Depuis l'été dernier, la volonté de la mairie de Courcouronnes (Essonne) de détruire le bâtiment de l'architecte Chemetov fait couler beaucoup d'encre. Le tribunal de grande instance de Paris vient d'autoriser cette démolition.
Le tribunal de grande instance de Paris a autorisé la démolition de l'immeuble du célèbre architecte Paul Chemetov, à Courcouronnes (Essonne), estimant qu'elle est "légitime et proportionnée", dans un jugement communiqué vendredi par son avocat.
Prévue pour la fin de l'été, la démolition de cet immeuble en équerre sorti de terre en 1984 s'inscrit dans le projet d'aménagement d'un éco-quartier de 850 logements à Courcouronnes, porté par la communauté d'agglomération Evry Centre Essonne (CAECE) et validé en 2009. Mais depuis un an, ce projet de rénovation urbaine était au coeur d'un bras de fer entre le bâtisseur - concepteur du ministère des Finances à Bercy - et le maire de la ville, Stéphane Beaudet. Les juges ont tranché jeudi. Ils estiment que si l'immeuble décrié de M. Chemetov est "une oeuvre de l'esprit protégeable au titre du droit d'auteur" (..) sa démolition est "légitime et proportionnée au regard du droit moral de l'architecte", s'agissant d'"un immeuble à vocation utilitaire et non pas purement esthétique".
L'immeuble de Chemetov est "un verrou" qui enclave le quartier, "brise la perspective" et n'"assure plus des conditions de vie sereines à ses habitants" face à la hausse du trafic de drogue et des incivilités dans les parties communes, justifient encore les juges.
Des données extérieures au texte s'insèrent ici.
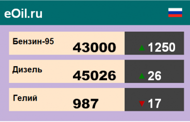 За прошедшую торговую сессию в результате торгов на площадке eOil.ru были показаны следующие ценовые изменения: Цены на бензин неэтилированный АИ-95-К5, базис поставки Ханты-Мансийский а.о., упали в течение дня на 1250 рублей до 40550 рублей за тонну. Цены на бензин неэтилированный АИ-92-К5, базис поставки Ханты-Мансийский а.о., упали в течение дня на 825 рублей до 39125 рублей за тонну. Цены на топливо дизельное ДТ-А-К5, базис поставки Ханты-Мансийский а.о., упали в течение дня на 650 рублей до 45150 рублей за тонну. Цены на пропан-бутан автомобильный, базис поставки Тюменская область, упали в течение дня на 350 рублей до 5750 рублей за тонну. Цены на гелий газообразный, базис поставки Оренбургская область, упали в течение дня на 39 рублей до 1022 рублей за тонну.
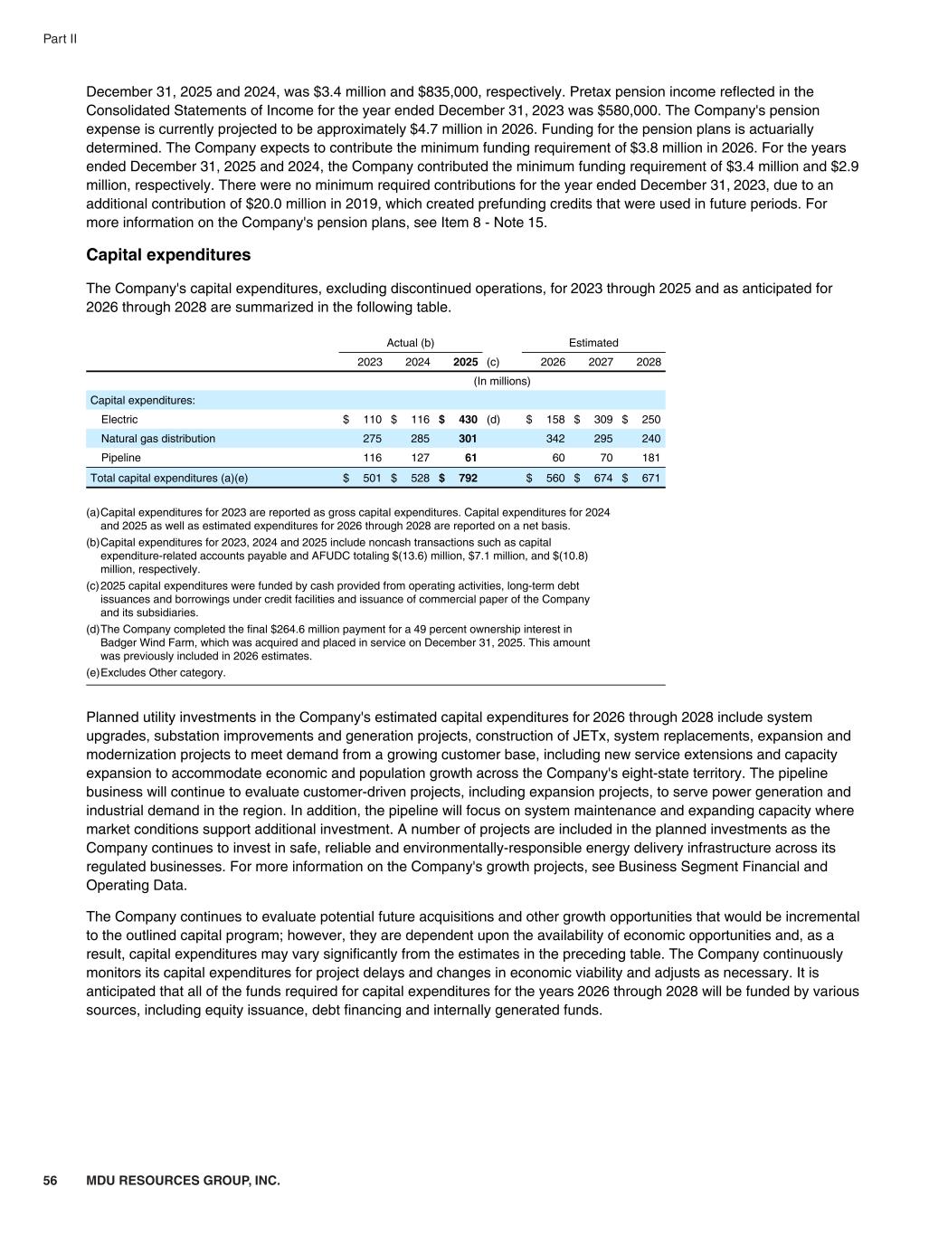 Part II MDU RESOURCES GROUP, INC.56 December 31, 2025 and 2024, was $3.4 million and $835,000, respectively. Pretax pension income reflected in the Consolidated Statements of Income for the year ended December 31, 2023 was $580,000. The Company's pension expense is currently projected to be approximately $4.7 million in 2026. Funding for the pension plans is actuarially determined. The Company expects to contribute the minimum funding requirement of $3.8 million in 2026. For the years ended December 31, 2025 and 2024, the Company contributed the minimum funding requirement of $3.4 million and $2.9 million, respectively. There were no minimum required contributions for the year ended December 31, 2023, due to an additional contribution of $20.0 million in 2019, which created prefunding credits that were used in future periods. For more information on the Company's pension plans, see Item 8 - Note 15. Capital expenditures The Company's capital expenditures, excluding discontinued operations, for 2023 through 2025 and as anticipated for 2026 through 2028 are summarized in the following table. Actual (b) Estimated 2023 2024 2025 (c) 2026 2027 2028 (In millions) Capital expenditures: Electric $ 110 $ 116 $ 430 (d) $ 158 $ 309 $ 250 Natural gas distribution 275 285 301 342 295 240 Pipeline 116 127 61 60 70 181 Total capital expenditures (a)(e) $ 501 $ 528 $ 792 $ 560 $ 674 $ 671 (a)Capital expenditures for 2023 are reported as gross capital expenditures. Capital expenditures for 2024 and 2025 as well as estimated expenditures for 2026 through 2028 are reported on a net basis. (b)Capital expenditures for 2023, 2024 and 2025 include noncash transactions such as capital expenditure-related accounts payable and AFUDC totaling $(13.6) million, $7.1 million, and $(10.8) million, respectively. (c)2025 capital expenditures were funded by cash provided from operating activities, long-term debt issuances and borrowings under credit facilities and issuance of commercial paper of the Company and its subsidiaries. (d)The Company completed the final $264.6 million payment for a 49 percent ownership interest in Badger Wind Farm, which was acquired and placed in service on December 31, 2025. This amount was previously included in 2026 estimates. (e)Excludes Other category. Planned utility investments in the Company's estimated capital expenditures for 2026 through 2028 include system upgrades, substation improvements and generation projects, construction of JETx, system replacements, expansion and modernization projects to meet demand from a growing customer base, including new service extensions and capacity expansion to accommodate economic and population growth across the Company's eight-state territory. The pipeline business will continue to evaluate customer-driven projects, including expansion projects, to serve power generation and industrial demand in the region. In addition, the pipeline will focus on system maintenance and expanding capacity where market conditions support additional investment. A number of projects are included in the planned investments as the Company continues to invest in safe, reliable and environmentally-responsible energy delivery infrastructure across its regulated businesses. For more information on the Company's growth projects, see Business Segment Financial and Operating Data. The Company continues to evaluate potential future acquisitions and other growth opportunities that would be incremental to the outlined capital program; however, they are dependent upon the availability of economic opportunities and, as a result, capital expenditures may vary significantly from the estimates in the preceding table. The Company continuously monitors its capital expenditures for project delays and changes in economic viability and adjusts as necessary. It is anticipated that all of the funds required for capital expenditures for the years 2026 through 2028 will be funded by various sources, including equity issuance, debt financing and internally generated funds. Index Part II 56 MDU Resources Group, Inc. Form 10-K
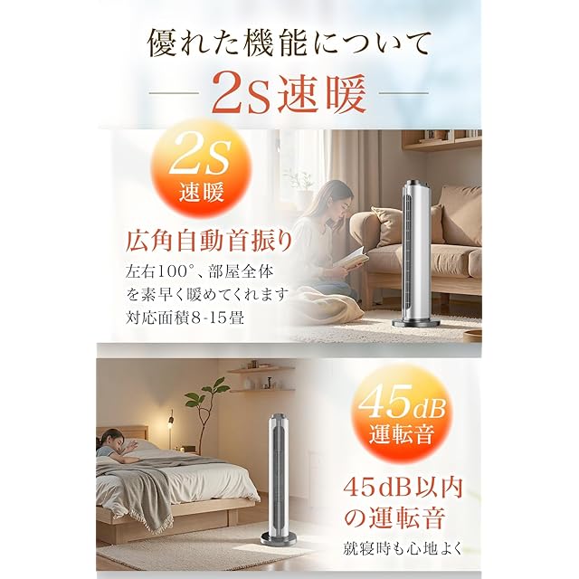 【45dB低騒音&多種保護機能】従来の電気ヒーターより暖かい優しい風が吹いてき、睡眠や仕事を妨げない静かでムラなく温風を出力します。転倒自動OFF:転倒時保護機能により、ヒーターを30°傾けると自動的に電源が切ります。オーバーヒート:ヒーター内を精密なセンサーが監視、温度が上がり過ぎた場合自動停止します。お子供とペットがいる家庭はご安心にお使いいただけます。
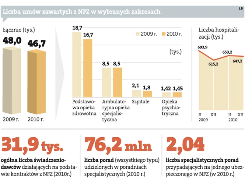 NFZ podsumował swoje wydatki na leczenie za ubiegły rok. Okazuje się, że świadczenia zdrowotne kosztowały o 517 mln zł mniej, niż pierwotnie zapisano to w planie finansowym funduszu. Łącznie na leczenie ten wydał 56,6 mld zł, choć wcześniej wydatki zaplanowano na poziomie 57,1 mld zł. Tradycyjnie najwyższe koszty generowały świadczenia z zakresu leczenia szpitalnego. W ostatecznym rozrachunku na hospitalizacje, zabiegi, operacje i badania NFZ wydał 24,2 mld zł. Polacy najczęściej korzystali z tych świadczeń w szpitalach powiatowych i wojewódzkich. Rzadziej trafiali do klinik i placówek niepublicznych.
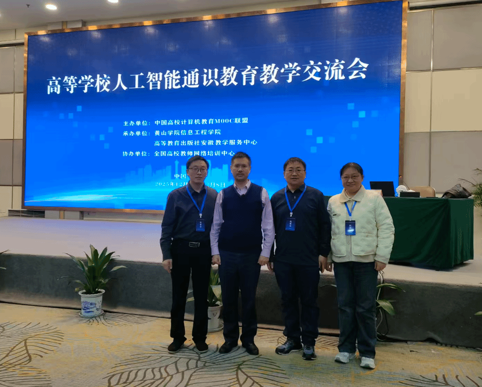 为深入贯彻国家教育数字化战略部署,促进人工智能技术在教育领域的深度融合与应用,2025年12月5日至7日,中国高校计算机教育MOOC联盟在安徽省黄山市屯溪区举办了“高等学校人工智能通识教育教学交流会”。会议由黄山学院信息工程学院与高等教育出版社安徽省教学服务中心联合承办,全国高校教师网络培训中心协办,吸引了来自全国近百所高校的教师代表参与。学院选派姜飞、朱广良、袁春霞三位承担《人工智能应用导引》课程教学任务的教师参加了本次会议。
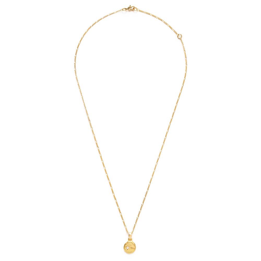 This single star on the hand carved pendant is set with a Czech crystal. It is made of gold plated brass. The chain is 20" long with a ring at 18" so it can be adjusted to various lengths.
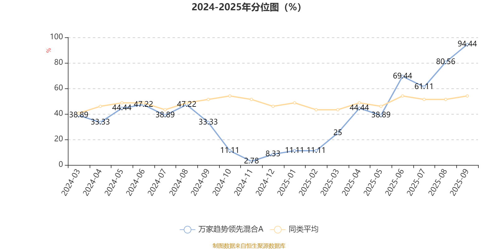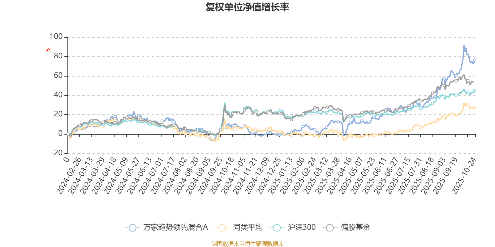 截至10月24日,万家趋势领先混合A近三个月复权单位净值增长率为32.48%,位于同类可比基金3/49;近半年复权单位净值增长率为57.85%,位于同类可比基金2/49;近一年复权单位净值增长率为61.82%,位于同类可比基金1/42。
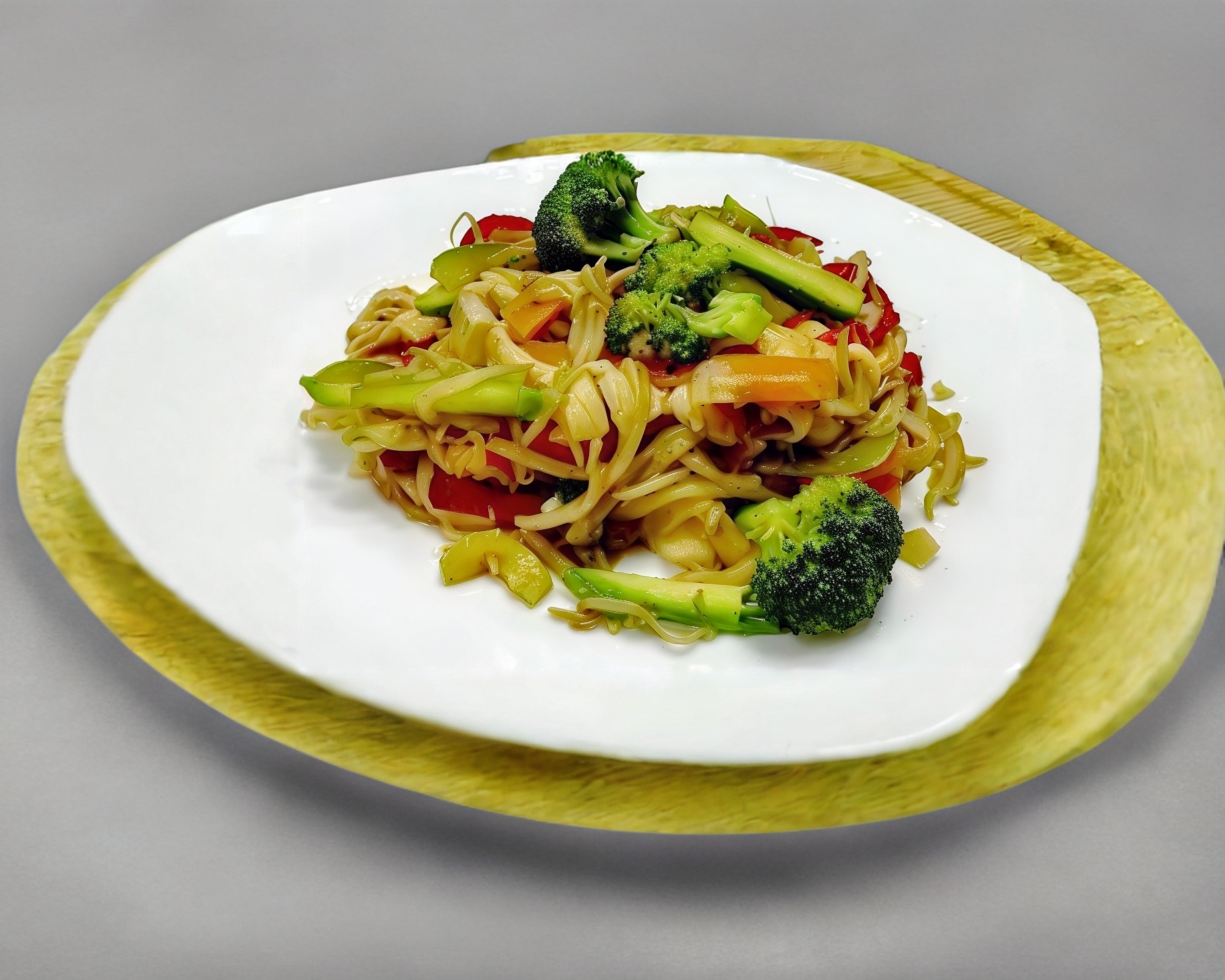 Verduras salteadas a la plancha, arroz frito, philadelphia y aguacate.

En ces termes, le tribunal a suivi les arguments avancés par la CAECE, propriétaire des lieux, lors de l'audience du 26 avril devant la 3e chambre civile. Et a rejeté les propositions alternatives de l'architecte qui avait défendu une démolition seulement partielle pour éviter "le gâchis d'argent public".
Au cours de la procédure, le bâtisseur avait aussi dénoncé une volonté de "faire table rase du patrimoine du XXe siècle". Mais l'esthétisme et la fonctionnalité de cet imposant immeuble en L, dont les lourds piliers rappellent ceux de Bercy, sont sujets à divisions. Le ministre de la Ville, François Lamy, en visite récemment dans la commune, était allé jusqu'à admettre ne pas avoir été "ébloui" par la "qualité architecturale" de l'immeuble en L.
L'été dernier, plusieurs architectes de renom (Jean Nouvel, Dominique Perrault) s'étaient insurgés contre la destruction dans une pétition intitulée: "Faut-il démolir le patrimoine du XXe siècle?" A l'époque, le maire de Courcouronnes avait dénoncé un "corporatisme puant".